DATA EXTRACT:
※
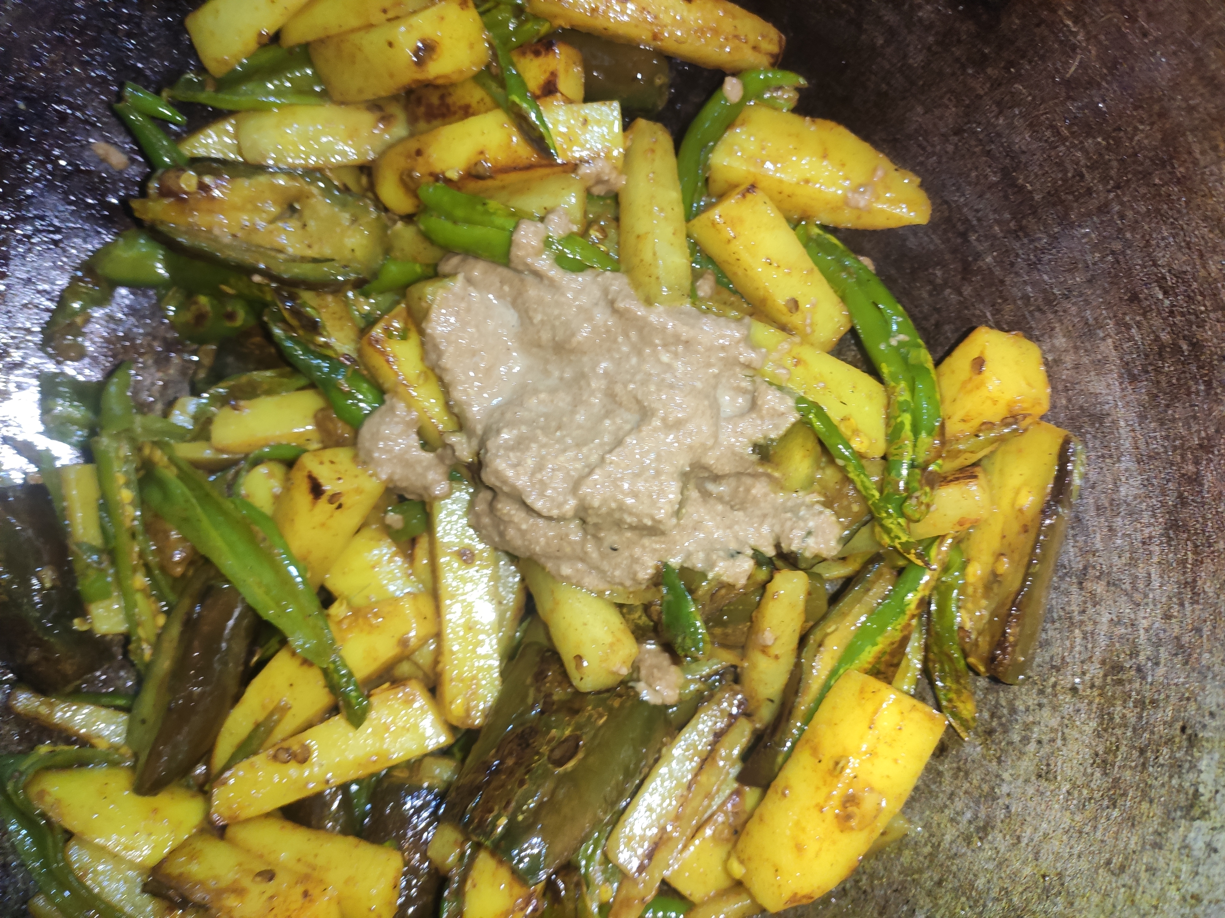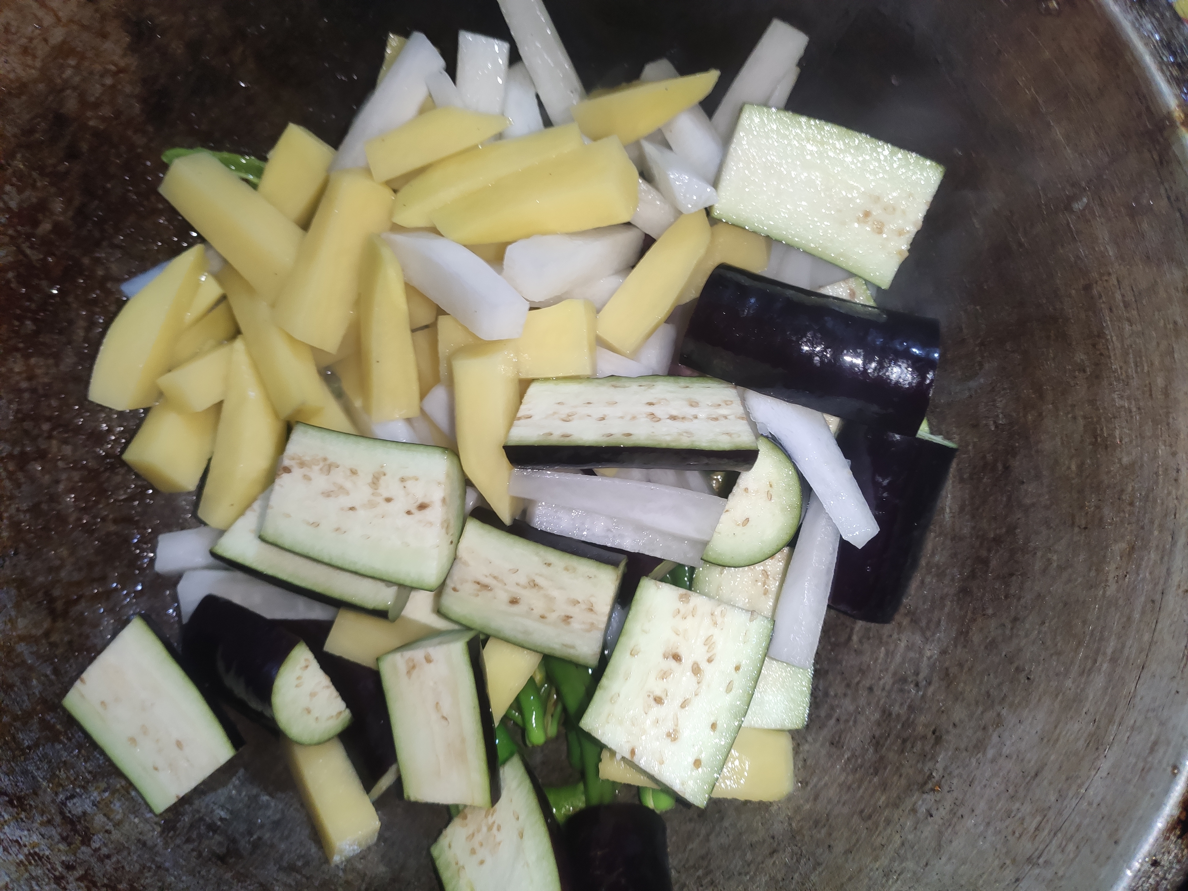 ৩: এখন আলু, বেগুন ও মুলা গুলো দিয়ে দিতে হবে, সাথে হলুদ গুঁড়া ও লবন দিতে হবে ওভাজতে হবে।
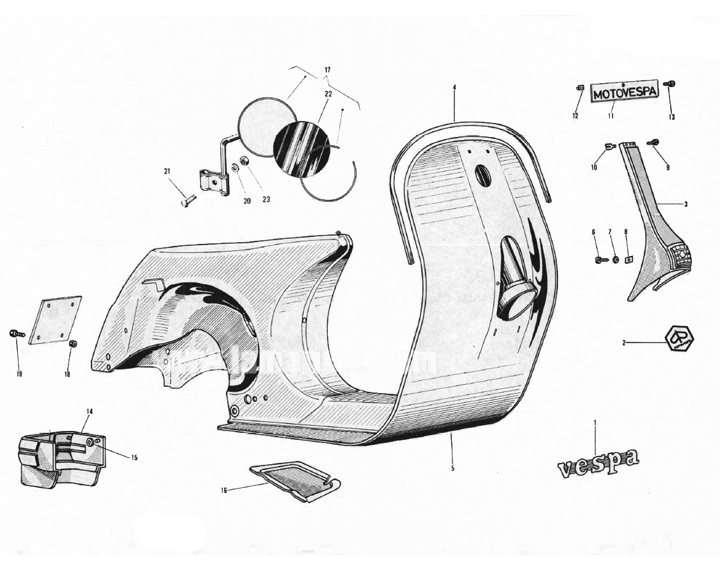 Huruf pada pelat kaki -KUALITAS OEM- Vespa - Vespa PV125 (dari tahun 1968), Vespa Rally200 (dari tahun 1976), Vespa TS, Vespa V50 Special, Vespa PX (dari tahun 1977-1983)
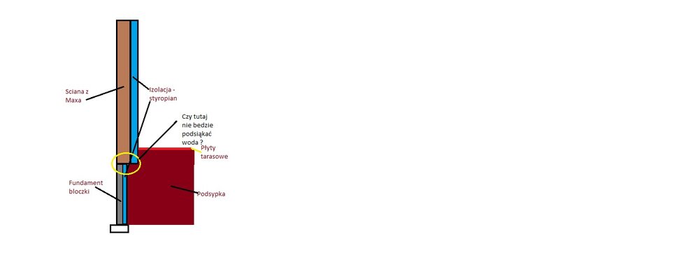 Witam serdecznie. Właśnie jestem na etapie wykonywania tarasu na gruncie z płyt tarasowych. Taras umiejscowiony jest we wnęce między 3 ścianami budynku. Chciałbym aby poziom tarasu był minimalnie poniżej poziomu linii okien, tak aby nie trzeba było wykonywać schodka przy wyjściu z domu na taras. Niestety poziom wypadnie mi wtedy powyżej łączenia ocieplenia ściany i fundamentów. W związku z tym mam pytanie czy w miejscu zaznaczonym na żółto na rysunku nie będzie podciągać woda?
※
DIRECTIONS: Aside from the pictures, repeat the listing exactly.

EXERCISE SOLUTION:
 ৩: এখন আলু, বেগুন ও মুলা গুলো দিয়ে দিতে হবে, সাথে হলুদ গুঁড়া ও লবন দিতে হবে ওভাজতে হবে।
 Huruf pada pelat kaki -KUALITAS OEM- Vespa - Vespa PV125 (dari tahun 1968), Vespa Rally200 (dari tahun 1976), Vespa TS, Vespa V50 Special, Vespa PX (dari tahun 1977-1983)
 Witam serdecznie. Właśnie jestem na etapie wykonywania tarasu na gruncie z płyt tarasowych. Taras umiejscowiony jest we wnęce między 3 ścianami budynku. Chciałbym aby poziom tarasu był minimalnie poniżej poziomu linii okien, tak aby nie trzeba było wykonywać schodka przy wyjściu z domu na taras. Niestety poziom wypadnie mi wtedy powyżej łączenia ocieplenia ściany i fundamentów. W związku z tym mam pytanie czy w miejscu zaznaczonym na żółto na rysunku nie będzie podciągać woda?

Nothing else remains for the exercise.